Recorded data -
++++++

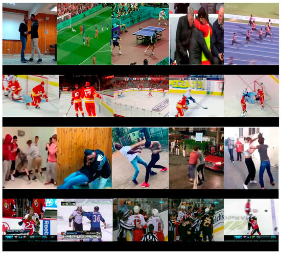 The first and second rows represent non-violent samples from the RLVS and Hockey datasets, respectively. The third and four rows represent violent samples from the RLVS and Hockey datasets, respectively.
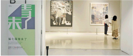 “青未了——山东省高等学校美术院系应届毕业生优秀作品展”是由山东省文化和旅游厅、山东省教育厅主办,山东美术馆及各高等学校美术院系承办,是馆校联合举办的大型展评活动。自从2014年以来,“青未了”至今已经举办了七届。为鼓励青年人突破创新,从第五届“青未了”开始,在奖项设置上进行了调整。不再设一、二、三等奖,而是自入选作品中评出“优秀奖”作品30件,其中包括“新创意奖”作品5件,“新语言奖”作品5件。力图以新锐的视角挖掘青年的当代探索精神,并提倡全新的展示方式。
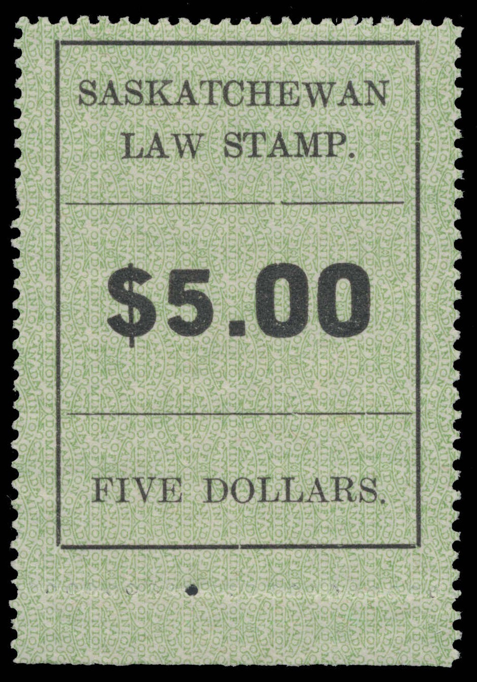 Lot 375 Saskatchewan #SL30 1907, $5 black Saskatchewan Law Stamp with large zeros, from the Second Printing, hinge remnants, fresh colour, a difficult stamp, scarce and fine to very fine. van Dam C$ 650

++++++

Your goal - Copy each line above precisely, dropping the pictures.

Response to the task -
 The first and second rows represent non-violent samples from the RLVS and Hockey datasets, respectively. The third and four rows represent violent samples from the RLVS and Hockey datasets, respectively.
 “青未了——山东省高等学校美术院系应届毕业生优秀作品展”是由山东省文化和旅游厅、山东省教育厅主办,山东美术馆及各高等学校美术院系承办,是馆校联合举办的大型展评活动。自从2014年以来,“青未了”至今已经举办了七届。为鼓励青年人突破创新,从第五届“青未了”开始,在奖项设置上进行了调整。不再设一、二、三等奖,而是自入选作品中评出“优秀奖”作品30件,其中包括“新创意奖”作品5件,“新语言奖”作品5件。力图以新锐的视角挖掘青年的当代探索精神,并提倡全新的展示方式。
 Lot 375 Saskatchewan #SL30 1907, $5 black Saskatchewan Law Stamp with large zeros, from the Second Printing, hinge remnants, fresh colour, a difficult stamp, scarce and fine to very fine. van Dam C$ 650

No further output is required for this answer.